__REQUIRED ACTION__. Check each line of the data below for the word "designed", then extract the ones that have it.

[Collected data entries]
★ ★ ★ ★ ★

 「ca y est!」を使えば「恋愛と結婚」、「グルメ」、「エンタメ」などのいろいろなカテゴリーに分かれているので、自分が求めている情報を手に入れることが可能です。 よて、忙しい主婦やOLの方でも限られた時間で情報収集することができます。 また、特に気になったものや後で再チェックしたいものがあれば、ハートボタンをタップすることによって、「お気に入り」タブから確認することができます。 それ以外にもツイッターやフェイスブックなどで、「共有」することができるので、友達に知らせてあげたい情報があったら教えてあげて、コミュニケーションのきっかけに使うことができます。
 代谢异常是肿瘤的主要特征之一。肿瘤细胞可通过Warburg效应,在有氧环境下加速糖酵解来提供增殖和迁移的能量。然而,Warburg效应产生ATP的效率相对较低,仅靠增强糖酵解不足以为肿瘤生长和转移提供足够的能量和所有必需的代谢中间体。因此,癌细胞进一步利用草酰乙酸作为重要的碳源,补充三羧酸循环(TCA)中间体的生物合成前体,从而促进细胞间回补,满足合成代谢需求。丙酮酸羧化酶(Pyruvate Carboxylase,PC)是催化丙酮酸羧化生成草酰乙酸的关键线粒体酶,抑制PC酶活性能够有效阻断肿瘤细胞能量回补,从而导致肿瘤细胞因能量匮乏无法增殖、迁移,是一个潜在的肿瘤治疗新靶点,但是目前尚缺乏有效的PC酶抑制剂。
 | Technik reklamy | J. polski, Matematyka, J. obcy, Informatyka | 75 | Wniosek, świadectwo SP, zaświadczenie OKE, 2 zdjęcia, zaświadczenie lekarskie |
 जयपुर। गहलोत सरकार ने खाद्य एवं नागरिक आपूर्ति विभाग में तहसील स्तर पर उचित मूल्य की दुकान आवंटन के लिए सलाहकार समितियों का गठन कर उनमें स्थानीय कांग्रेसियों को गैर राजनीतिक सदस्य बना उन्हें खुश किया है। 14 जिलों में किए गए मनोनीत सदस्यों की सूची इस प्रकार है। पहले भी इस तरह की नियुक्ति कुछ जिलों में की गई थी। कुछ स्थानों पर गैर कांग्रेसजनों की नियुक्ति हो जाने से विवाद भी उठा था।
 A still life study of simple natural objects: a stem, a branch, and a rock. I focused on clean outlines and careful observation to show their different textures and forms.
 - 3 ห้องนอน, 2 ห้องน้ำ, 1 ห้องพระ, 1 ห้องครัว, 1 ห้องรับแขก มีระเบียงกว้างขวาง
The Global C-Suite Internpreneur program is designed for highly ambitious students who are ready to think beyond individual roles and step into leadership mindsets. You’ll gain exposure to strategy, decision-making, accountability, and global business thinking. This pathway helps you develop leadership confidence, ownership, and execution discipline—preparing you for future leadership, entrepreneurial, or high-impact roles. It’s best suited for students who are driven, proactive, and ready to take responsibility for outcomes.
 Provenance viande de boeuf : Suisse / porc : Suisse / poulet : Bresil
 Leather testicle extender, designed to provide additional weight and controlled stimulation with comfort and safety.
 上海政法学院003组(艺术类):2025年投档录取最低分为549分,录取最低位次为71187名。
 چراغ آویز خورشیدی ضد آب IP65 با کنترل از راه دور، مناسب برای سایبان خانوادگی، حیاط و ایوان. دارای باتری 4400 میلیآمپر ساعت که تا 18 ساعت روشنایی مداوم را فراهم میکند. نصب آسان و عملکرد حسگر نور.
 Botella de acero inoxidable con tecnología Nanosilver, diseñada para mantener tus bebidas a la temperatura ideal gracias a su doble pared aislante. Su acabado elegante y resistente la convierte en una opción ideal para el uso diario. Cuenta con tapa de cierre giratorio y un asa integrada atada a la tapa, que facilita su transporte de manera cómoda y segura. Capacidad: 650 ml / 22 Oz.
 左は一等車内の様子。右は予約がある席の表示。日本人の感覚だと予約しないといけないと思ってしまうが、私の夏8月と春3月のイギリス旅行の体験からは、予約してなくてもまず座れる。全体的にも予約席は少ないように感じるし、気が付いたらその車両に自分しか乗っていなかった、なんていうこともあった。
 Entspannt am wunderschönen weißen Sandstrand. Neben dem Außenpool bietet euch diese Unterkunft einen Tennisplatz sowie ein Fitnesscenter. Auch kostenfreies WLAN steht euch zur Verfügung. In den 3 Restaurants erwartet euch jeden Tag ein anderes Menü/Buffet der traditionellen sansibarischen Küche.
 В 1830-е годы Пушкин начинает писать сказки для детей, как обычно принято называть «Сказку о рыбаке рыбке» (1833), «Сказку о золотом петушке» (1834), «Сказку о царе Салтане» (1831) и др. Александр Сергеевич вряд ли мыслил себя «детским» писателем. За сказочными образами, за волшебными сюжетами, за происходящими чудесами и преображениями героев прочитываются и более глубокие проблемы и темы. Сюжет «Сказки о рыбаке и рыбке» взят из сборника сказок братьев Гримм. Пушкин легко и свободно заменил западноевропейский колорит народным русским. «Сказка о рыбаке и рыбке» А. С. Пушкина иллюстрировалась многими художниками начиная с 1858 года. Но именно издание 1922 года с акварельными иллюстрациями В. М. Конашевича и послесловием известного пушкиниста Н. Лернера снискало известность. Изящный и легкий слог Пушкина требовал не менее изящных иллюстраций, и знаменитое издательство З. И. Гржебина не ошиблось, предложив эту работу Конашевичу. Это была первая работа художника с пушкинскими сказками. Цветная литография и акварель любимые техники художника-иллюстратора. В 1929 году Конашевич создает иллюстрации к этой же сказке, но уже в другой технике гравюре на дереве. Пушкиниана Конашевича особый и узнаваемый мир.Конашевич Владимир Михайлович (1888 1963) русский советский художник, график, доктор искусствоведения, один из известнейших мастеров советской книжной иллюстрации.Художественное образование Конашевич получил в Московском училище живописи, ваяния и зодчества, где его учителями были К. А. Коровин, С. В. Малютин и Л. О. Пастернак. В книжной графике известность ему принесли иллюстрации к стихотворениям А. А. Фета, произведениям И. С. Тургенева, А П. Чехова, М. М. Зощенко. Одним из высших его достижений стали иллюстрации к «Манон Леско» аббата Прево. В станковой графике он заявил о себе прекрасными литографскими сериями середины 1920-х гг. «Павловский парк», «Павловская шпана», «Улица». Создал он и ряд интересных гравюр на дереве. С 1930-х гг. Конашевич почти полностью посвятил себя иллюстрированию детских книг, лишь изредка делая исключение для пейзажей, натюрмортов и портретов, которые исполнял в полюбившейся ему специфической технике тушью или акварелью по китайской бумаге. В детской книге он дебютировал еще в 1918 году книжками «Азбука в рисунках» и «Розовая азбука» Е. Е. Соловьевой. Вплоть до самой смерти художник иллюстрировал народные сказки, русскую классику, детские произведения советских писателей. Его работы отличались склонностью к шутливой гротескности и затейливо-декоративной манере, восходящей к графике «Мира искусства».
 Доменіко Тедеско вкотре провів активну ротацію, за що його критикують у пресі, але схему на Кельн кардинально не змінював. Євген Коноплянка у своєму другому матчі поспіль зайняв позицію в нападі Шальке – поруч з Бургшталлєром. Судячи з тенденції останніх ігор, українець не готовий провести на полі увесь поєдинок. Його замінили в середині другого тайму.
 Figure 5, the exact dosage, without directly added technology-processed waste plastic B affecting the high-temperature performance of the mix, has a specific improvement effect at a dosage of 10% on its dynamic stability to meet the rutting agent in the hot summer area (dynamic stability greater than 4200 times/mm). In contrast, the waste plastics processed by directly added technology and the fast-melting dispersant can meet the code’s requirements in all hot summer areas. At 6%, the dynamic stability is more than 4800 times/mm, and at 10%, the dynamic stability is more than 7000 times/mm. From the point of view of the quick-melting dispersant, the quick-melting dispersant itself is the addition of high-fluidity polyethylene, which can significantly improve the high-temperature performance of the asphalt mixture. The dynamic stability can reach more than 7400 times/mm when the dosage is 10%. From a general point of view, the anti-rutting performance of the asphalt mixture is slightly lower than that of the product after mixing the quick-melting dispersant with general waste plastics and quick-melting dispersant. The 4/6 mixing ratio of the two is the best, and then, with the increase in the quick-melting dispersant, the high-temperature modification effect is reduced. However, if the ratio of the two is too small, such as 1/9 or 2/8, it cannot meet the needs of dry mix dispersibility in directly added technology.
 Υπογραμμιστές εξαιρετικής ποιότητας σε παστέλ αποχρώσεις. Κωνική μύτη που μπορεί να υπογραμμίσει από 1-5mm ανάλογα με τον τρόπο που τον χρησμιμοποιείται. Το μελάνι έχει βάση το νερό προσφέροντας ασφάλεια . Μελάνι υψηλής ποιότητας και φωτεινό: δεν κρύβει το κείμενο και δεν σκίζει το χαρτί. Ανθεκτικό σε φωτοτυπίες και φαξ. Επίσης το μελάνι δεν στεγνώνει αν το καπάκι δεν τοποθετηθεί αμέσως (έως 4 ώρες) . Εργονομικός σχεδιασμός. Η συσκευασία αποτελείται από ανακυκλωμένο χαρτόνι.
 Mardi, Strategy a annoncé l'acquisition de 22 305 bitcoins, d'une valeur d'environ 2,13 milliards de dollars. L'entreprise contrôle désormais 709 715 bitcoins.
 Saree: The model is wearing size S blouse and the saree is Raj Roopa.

★ ★ ★ ★ ★

__OUTPUT BELOW__.
The Global C-Suite Internpreneur program is designed for highly ambitious students who are ready to think beyond individual roles and step into leadership mindsets. You’ll gain exposure to strategy, decision-making, accountability, and global business thinking. This pathway helps you develop leadership confidence, ownership, and execution discipline—preparing you for future leadership, entrepreneurial, or high-impact roles. It’s best suited for students who are driven, proactive, and ready to take responsibility for outcomes.
 Leather testicle extender, designed to provide additional weight and controlled stimulation with comfort and safety.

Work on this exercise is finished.